- Born: 1922 Seville, Spain
- Died: 2006 (aged 83–84) Mexico City, Mexico
- Other name: Guillermina Grin
- Occupation: Actress
- Years active: 1942-1951 (film)

= Guillermina Green =

Spanish actress (1922–2006)

Guillermina Green (1922–2006), also known as Guillermina Grin, was a Spanish film actress. She appeared in twenty three films including The Butterfly That Flew Over the Sea (1948). She was born in Seville, to a Spanish mother and an English father, William Green, an optician who worked in the city. In 1941 she was spotted by the film director Florian Rey and given a small part in one of his films. She graduated to leading lady status, and starred in Spanish films during the decade.

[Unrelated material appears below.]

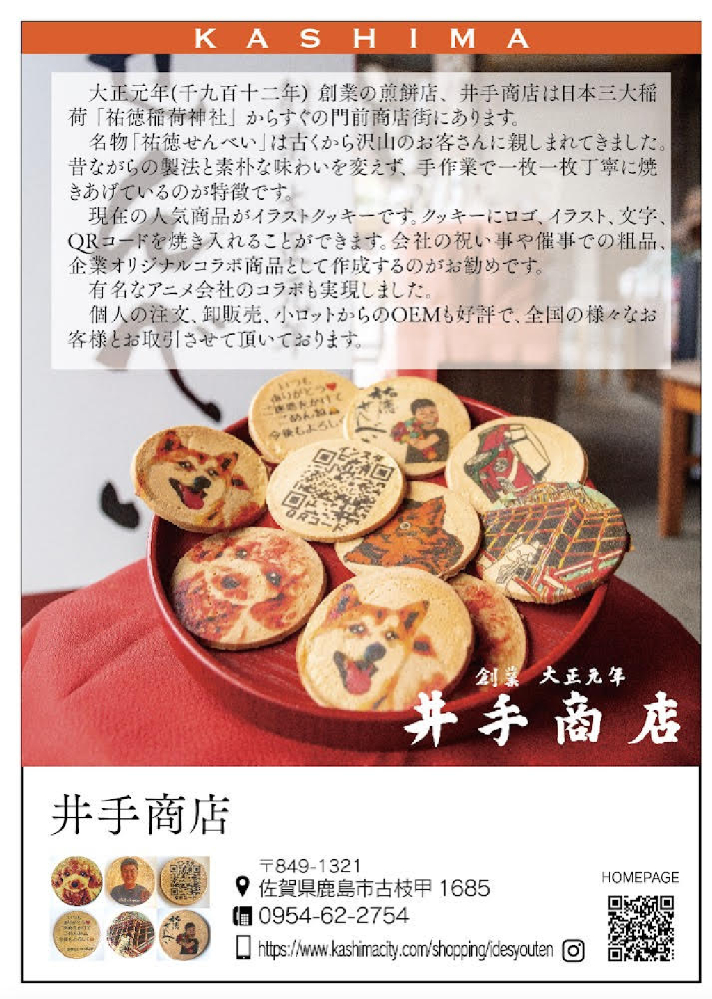 유토쿠이나리 신사에서 도보로 약 3분, 몬젠 상점가에 있는 1912년에 창업한 "이데쇼텐(井手商店)" (유토쿠센베이) 그림 그리기를 좋아하는 4대 현 점주가 시작한 사진 쿠키 체험을 즐겨보세요! 유토쿠 신사 참배와 세트로 즐겨보세요!! ●유토쿠 이나리 신사란? 사가현 가시마시에 있는 유토쿠이나리신사는 일본 3대 이나리 중 하나로 꼽히며 장사번창, 가운번영, 만선기원, 교통안전 등의 혜택이 있다고 믿어 연간 약 300만명의 참배객이 방문하는 사가현에서도 손꼽히는 관광명소입니다. ●이데상점이란 1912년에 창업한 센베이 가게 "이데쇼텐"은 100년 이상 센베이를 만들어 온 전통있는 가게입니다. 조상 대대로 이어지는 옛 제조법을 바꾸지 않고 하나하나 정성을 들여 직접 정성껏 구워내고 있습니다.
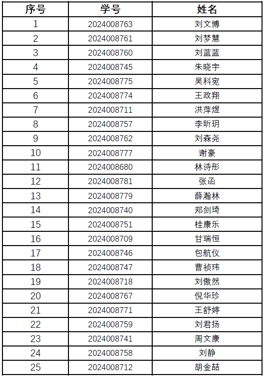 2024级水文与水资源工程专业“智慧水利”实验班拟录取名单(按学号顺序)

She later emigrated to Mexico, but retired from acting in 1951 following her marriage to producer Guillermo Calderón.

==Selected filmography==
- The Road to Babel (1945)
- When the Night Comes (1946)
- The Butterfly That Flew Over the Sea (1948)
- Troubled Lives (1949)
- Wife or Lover (1950)
- It's a Sin to Be Poor (1950)

== Bibliography ==
- Goble, Alan. The Complete Index to Literary Sources in Film. Walter de Gruyter, 1999.